Work required
Give the records again in full, exactly as written.

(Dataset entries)
· · · · ·

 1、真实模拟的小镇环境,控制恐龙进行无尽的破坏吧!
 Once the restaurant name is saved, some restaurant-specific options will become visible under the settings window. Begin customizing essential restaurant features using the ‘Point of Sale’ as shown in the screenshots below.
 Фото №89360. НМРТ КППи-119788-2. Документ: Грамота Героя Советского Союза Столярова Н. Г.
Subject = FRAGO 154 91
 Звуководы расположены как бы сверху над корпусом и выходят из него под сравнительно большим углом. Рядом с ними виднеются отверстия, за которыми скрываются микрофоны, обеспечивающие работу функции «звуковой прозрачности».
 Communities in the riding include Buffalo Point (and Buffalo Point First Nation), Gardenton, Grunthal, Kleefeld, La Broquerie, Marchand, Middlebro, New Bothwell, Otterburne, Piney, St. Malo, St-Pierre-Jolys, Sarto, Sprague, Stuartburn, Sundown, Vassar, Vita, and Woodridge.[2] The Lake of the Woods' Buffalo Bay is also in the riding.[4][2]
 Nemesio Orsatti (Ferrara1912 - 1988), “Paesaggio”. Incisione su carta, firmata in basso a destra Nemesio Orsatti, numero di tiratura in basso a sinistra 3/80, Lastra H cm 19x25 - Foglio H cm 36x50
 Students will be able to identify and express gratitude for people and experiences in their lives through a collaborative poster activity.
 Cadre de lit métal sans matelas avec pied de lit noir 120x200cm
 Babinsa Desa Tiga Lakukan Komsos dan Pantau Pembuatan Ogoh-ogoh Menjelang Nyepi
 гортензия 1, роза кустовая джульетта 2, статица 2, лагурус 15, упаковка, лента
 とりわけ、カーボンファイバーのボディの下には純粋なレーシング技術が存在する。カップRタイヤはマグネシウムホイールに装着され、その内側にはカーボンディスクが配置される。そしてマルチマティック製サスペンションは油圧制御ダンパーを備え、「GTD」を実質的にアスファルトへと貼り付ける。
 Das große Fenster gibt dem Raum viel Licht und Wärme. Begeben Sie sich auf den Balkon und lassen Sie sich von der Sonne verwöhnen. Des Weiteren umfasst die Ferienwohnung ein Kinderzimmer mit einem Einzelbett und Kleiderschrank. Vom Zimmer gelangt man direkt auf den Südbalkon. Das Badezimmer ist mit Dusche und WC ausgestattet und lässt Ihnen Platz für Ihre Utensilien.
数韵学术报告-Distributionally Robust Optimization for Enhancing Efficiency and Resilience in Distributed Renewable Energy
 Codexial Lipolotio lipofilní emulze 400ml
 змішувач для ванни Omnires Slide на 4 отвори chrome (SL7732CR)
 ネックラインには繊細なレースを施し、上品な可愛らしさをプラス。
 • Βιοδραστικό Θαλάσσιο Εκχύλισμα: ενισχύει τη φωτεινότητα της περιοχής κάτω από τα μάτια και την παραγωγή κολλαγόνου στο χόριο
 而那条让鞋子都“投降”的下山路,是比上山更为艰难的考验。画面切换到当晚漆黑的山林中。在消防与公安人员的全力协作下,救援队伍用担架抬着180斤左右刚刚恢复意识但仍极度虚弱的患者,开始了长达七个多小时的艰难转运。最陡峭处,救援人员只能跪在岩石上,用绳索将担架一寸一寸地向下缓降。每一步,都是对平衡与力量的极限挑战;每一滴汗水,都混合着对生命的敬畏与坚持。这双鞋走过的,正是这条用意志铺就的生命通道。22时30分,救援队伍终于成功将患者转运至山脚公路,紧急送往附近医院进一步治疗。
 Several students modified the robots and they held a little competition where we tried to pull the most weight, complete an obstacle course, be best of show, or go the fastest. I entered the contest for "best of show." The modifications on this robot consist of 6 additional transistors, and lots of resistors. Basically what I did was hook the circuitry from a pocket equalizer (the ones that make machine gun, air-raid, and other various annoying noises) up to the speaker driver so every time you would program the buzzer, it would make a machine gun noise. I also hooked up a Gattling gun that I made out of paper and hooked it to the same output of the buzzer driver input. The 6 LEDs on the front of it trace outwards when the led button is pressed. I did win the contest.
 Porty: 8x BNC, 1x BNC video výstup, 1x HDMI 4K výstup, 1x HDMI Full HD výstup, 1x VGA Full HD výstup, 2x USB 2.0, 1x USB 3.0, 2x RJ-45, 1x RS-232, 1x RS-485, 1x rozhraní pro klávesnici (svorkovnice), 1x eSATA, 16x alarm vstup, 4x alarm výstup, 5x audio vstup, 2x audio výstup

· · · · ·

Output of the exercise
 1、真实模拟的小镇环境,控制恐龙进行无尽的破坏吧!
 Once the restaurant name is saved, some restaurant-specific options will become visible under the settings window. Begin customizing essential restaurant features using the ‘Point of Sale’ as shown in the screenshots below.
 Фото №89360. НМРТ КППи-119788-2. Документ: Грамота Героя Советского Союза Столярова Н. Г.
Subject = FRAGO 154 91
 Звуководы расположены как бы сверху над корпусом и выходят из него под сравнительно большим углом. Рядом с ними виднеются отверстия, за которыми скрываются микрофоны, обеспечивающие работу функции «звуковой прозрачности».
 Communities in the riding include Buffalo Point (and Buffalo Point First Nation), Gardenton, Grunthal, Kleefeld, La Broquerie, Marchand, Middlebro, New Bothwell, Otterburne, Piney, St. Malo, St-Pierre-Jolys, Sarto, Sprague, Stuartburn, Sundown, Vassar, Vita, and Woodridge.[2] The Lake of the Woods' Buffalo Bay is also in the riding.[4][2]
 Nemesio Orsatti (Ferrara1912 - 1988), “Paesaggio”. Incisione su carta, firmata in basso a destra Nemesio Orsatti, numero di tiratura in basso a sinistra 3/80, Lastra H cm 19x25 - Foglio H cm 36x50
 Students will be able to identify and express gratitude for people and experiences in their lives through a collaborative poster activity.
 Cadre de lit métal sans matelas avec pied de lit noir 120x200cm
 Babinsa Desa Tiga Lakukan Komsos dan Pantau Pembuatan Ogoh-ogoh Menjelang Nyepi
 гортензия 1, роза кустовая джульетта 2, статица 2, лагурус 15, упаковка, лента
 とりわけ、カーボンファイバーのボディの下には純粋なレーシング技術が存在する。カップRタイヤはマグネシウムホイールに装着され、その内側にはカーボンディスクが配置される。そしてマルチマティック製サスペンションは油圧制御ダンパーを備え、「GTD」を実質的にアスファルトへと貼り付ける。
 Das große Fenster gibt dem Raum viel Licht und Wärme. Begeben Sie sich auf den Balkon und lassen Sie sich von der Sonne verwöhnen. Des Weiteren umfasst die Ferienwohnung ein Kinderzimmer mit einem Einzelbett und Kleiderschrank. Vom Zimmer gelangt man direkt auf den Südbalkon. Das Badezimmer ist mit Dusche und WC ausgestattet und lässt Ihnen Platz für Ihre Utensilien.
数韵学术报告-Distributionally Robust Optimization for Enhancing Efficiency and Resilience in Distributed Renewable Energy
 Codexial Lipolotio lipofilní emulze 400ml
 змішувач для ванни Omnires Slide на 4 отвори chrome (SL7732CR)
 ネックラインには繊細なレースを施し、上品な可愛らしさをプラス。
 • Βιοδραστικό Θαλάσσιο Εκχύλισμα: ενισχύει τη φωτεινότητα της περιοχής κάτω από τα μάτια και την παραγωγή κολλαγόνου στο χόριο
 而那条让鞋子都“投降”的下山路,是比上山更为艰难的考验。画面切换到当晚漆黑的山林中。在消防与公安人员的全力协作下,救援队伍用担架抬着180斤左右刚刚恢复意识但仍极度虚弱的患者,开始了长达七个多小时的艰难转运。最陡峭处,救援人员只能跪在岩石上,用绳索将担架一寸一寸地向下缓降。每一步,都是对平衡与力量的极限挑战;每一滴汗水,都混合着对生命的敬畏与坚持。这双鞋走过的,正是这条用意志铺就的生命通道。22时30分,救援队伍终于成功将患者转运至山脚公路,紧急送往附近医院进一步治疗。
 Several students modified the robots and they held a little competition where we tried to pull the most weight, complete an obstacle course, be best of show, or go the fastest. I entered the contest for "best of show." The modifications on this robot consist of 6 additional transistors, and lots of resistors. Basically what I did was hook the circuitry from a pocket equalizer (the ones that make machine gun, air-raid, and other various annoying noises) up to the speaker driver so every time you would program the buzzer, it would make a machine gun noise. I also hooked up a Gattling gun that I made out of paper and hooked it to the same output of the buzzer driver input. The 6 LEDs on the front of it trace outwards when the led button is pressed. I did win the contest.
 Porty: 8x BNC, 1x BNC video výstup, 1x HDMI 4K výstup, 1x HDMI Full HD výstup, 1x VGA Full HD výstup, 2x USB 2.0, 1x USB 3.0, 2x RJ-45, 1x RS-232, 1x RS-485, 1x rozhraní pro klávesnici (svorkovnice), 1x eSATA, 16x alarm vstup, 4x alarm výstup, 5x audio vstup, 2x audio výstup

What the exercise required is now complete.